Task requirements:
Exact copy, pictures excluded: write out every line below.

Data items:
· · · ·

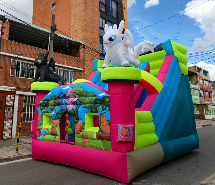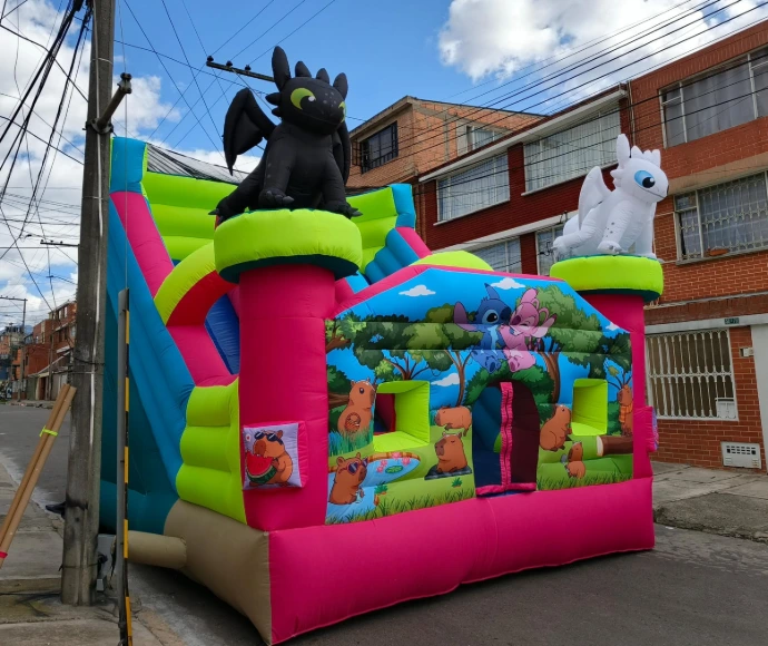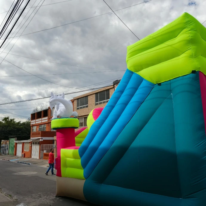 Haz que tu evento suba de nivel con nuestro tobogán inflable de colores intensos e impresión full HD. No es solo un juego, es un espectáculo visual que atrae miradas y garantiza horas de diversión.
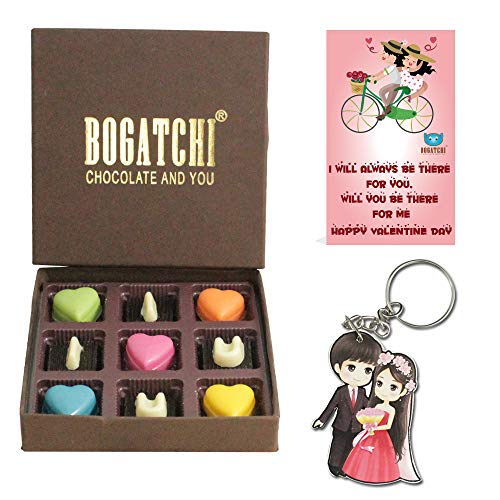 BOGATCHI Valentine Day Chocolate Box -I Love You- for Girlfriend- Boyfriend- Wife- Husband 9pcs + Free Valentines Day Story Cards and Couple Key Chain
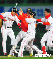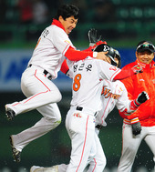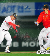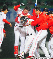 2012.04.13 21: 36정근우,'끝내기 안타 물세례! 시원해!'
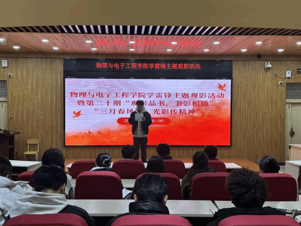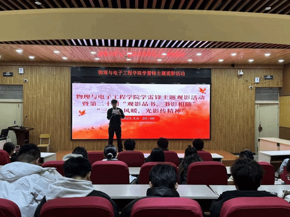 全体师生共同观看电影《青春雷锋》。影片以生动的镜头语言再现了雷锋同志平凡而伟大的一生,展现了他忠于职守、甘于奉献、艰苦奋斗的精神品格。观影过程中,同学们全神贯注,深受触动。
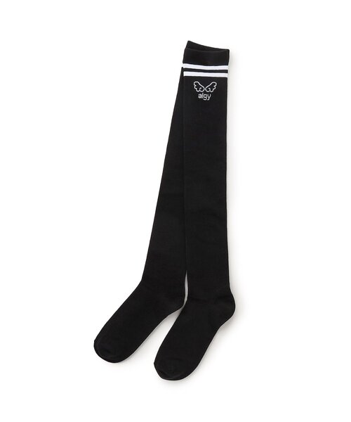algy(アルジー)の「エンジェルロゴ二―ハイソックス」は、流行に敏感な女のコの日常を可愛く、甘く彩るデザインが人気!これ1枚でおしゃれ上級者になれちゃう!
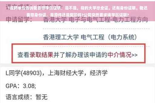 应聘单位要求带上这些材料,是要做什么用的,自己要先清楚,如果没有特别需要,有时不一定要急着给,特别是原件,最好不能留置在单位那边,原件要随身保管。至于复印件,网上有复印件上写上一些“仅作……用途”的提示内容,建议搜索了解一下。
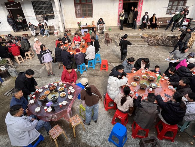 正午时分,一道道带着锅气的农家菜陆续上桌,土猪肉肥而不腻,时令鲜蔬清爽可口。素不相识的人们围坐一桌,酒杯轻碰间,家长里短与聂家山的红色往事交织,城市的喧嚣与生活的疲惫被抛在脑后,陌生的隔阂在推杯换盏中悄然消融。“这才是过年该有的样子!”一位网友放下筷子感慨,“每一口都是地道农家味,每一句话都透着真性情,心里暖烘烘的。”
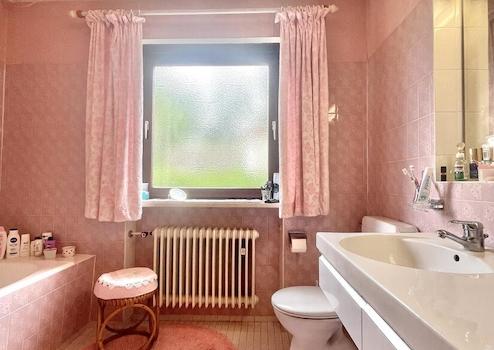 Das Haus ist vollständig unterkellert und verfügt über entsprechend viel Stauraum, einen Hobbyraum, zwei Gästezimmer und ein Tageslichtbad mit WC.
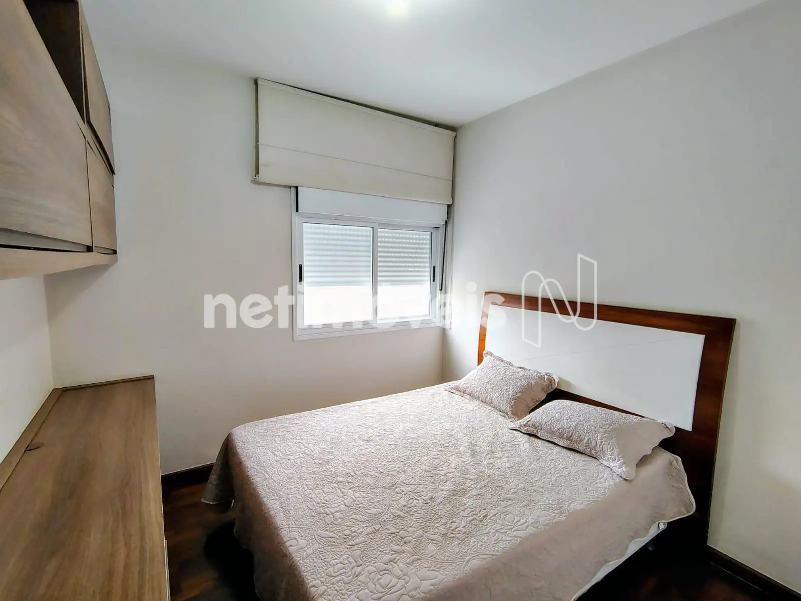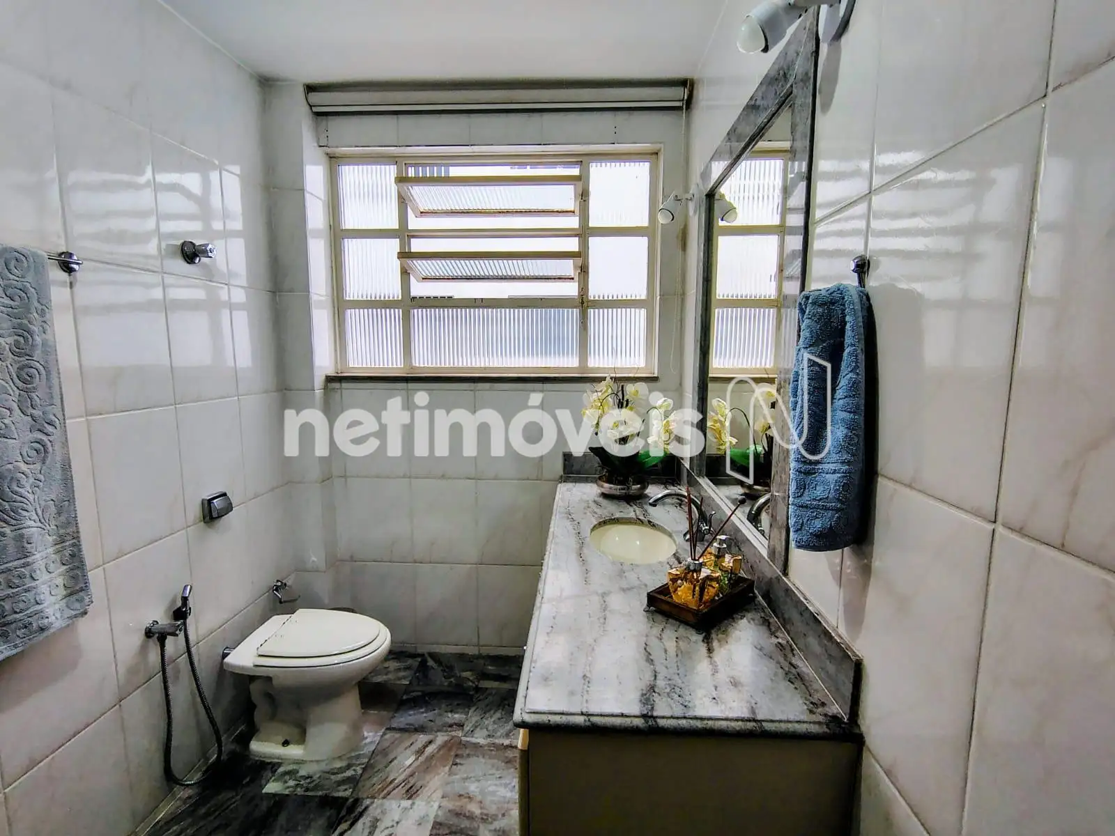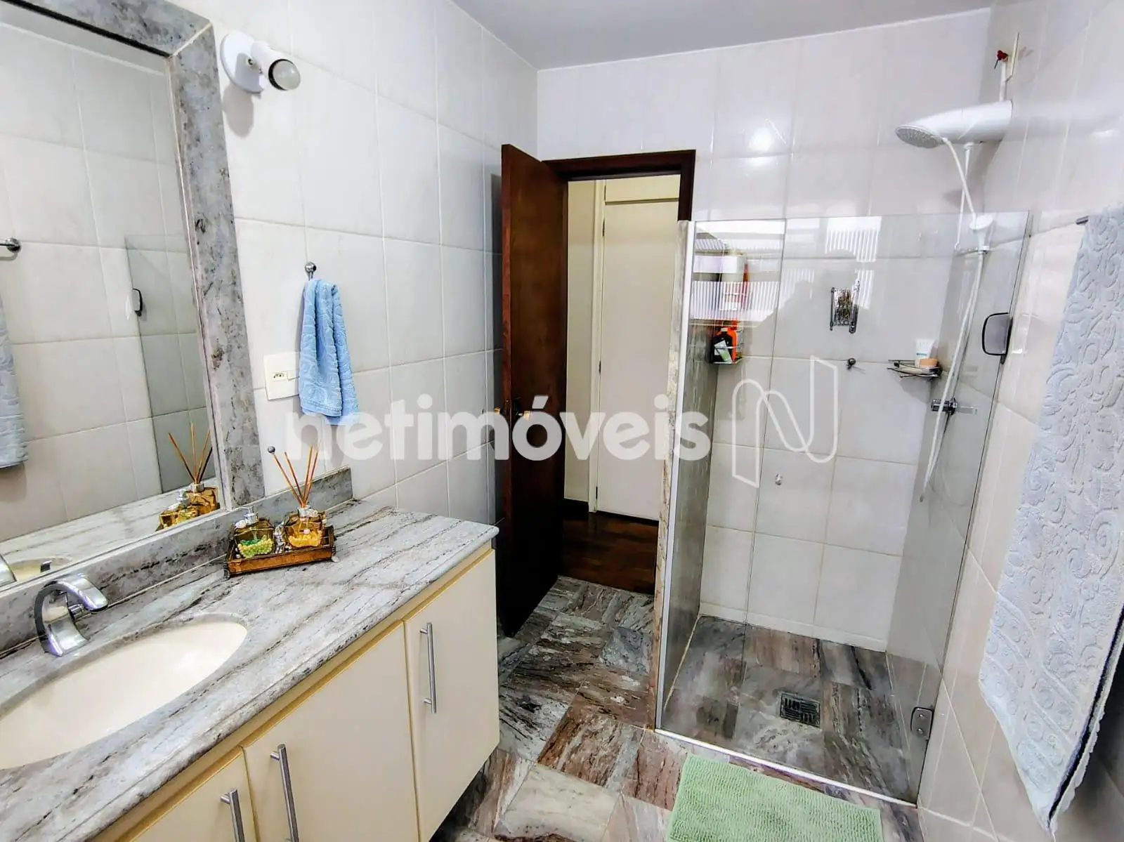 - Banho social amplo com box em vidro temperado e armário;

· · · ·

Written answer:
 Haz que tu evento suba de nivel con nuestro tobogán inflable de colores intensos e impresión full HD. No es solo un juego, es un espectáculo visual que atrae miradas y garantiza horas de diversión.
 BOGATCHI Valentine Day Chocolate Box -I Love You- for Girlfriend- Boyfriend- Wife- Husband 9pcs + Free Valentines Day Story Cards and Couple Key Chain
 2012.04.13 21: 36정근우,'끝내기 안타 물세례! 시원해!'
 全体师生共同观看电影《青春雷锋》。影片以生动的镜头语言再现了雷锋同志平凡而伟大的一生,展现了他忠于职守、甘于奉献、艰苦奋斗的精神品格。观影过程中,同学们全神贯注,深受触动。
algy(アルジー)の「エンジェルロゴ二―ハイソックス」は、流行に敏感な女のコの日常を可愛く、甘く彩るデザインが人気!これ1枚でおしゃれ上級者になれちゃう!
 应聘单位要求带上这些材料,是要做什么用的,自己要先清楚,如果没有特别需要,有时不一定要急着给,特别是原件,最好不能留置在单位那边,原件要随身保管。至于复印件,网上有复印件上写上一些“仅作……用途”的提示内容,建议搜索了解一下。
 正午时分,一道道带着锅气的农家菜陆续上桌,土猪肉肥而不腻,时令鲜蔬清爽可口。素不相识的人们围坐一桌,酒杯轻碰间,家长里短与聂家山的红色往事交织,城市的喧嚣与生活的疲惫被抛在脑后,陌生的隔阂在推杯换盏中悄然消融。“这才是过年该有的样子!”一位网友放下筷子感慨,“每一口都是地道农家味,每一句话都透着真性情,心里暖烘烘的。”
 Das Haus ist vollständig unterkellert und verfügt über entsprechend viel Stauraum, einen Hobbyraum, zwei Gästezimmer und ein Tageslichtbad mit WC.
 - Banho social amplo com box em vidro temperado e armário;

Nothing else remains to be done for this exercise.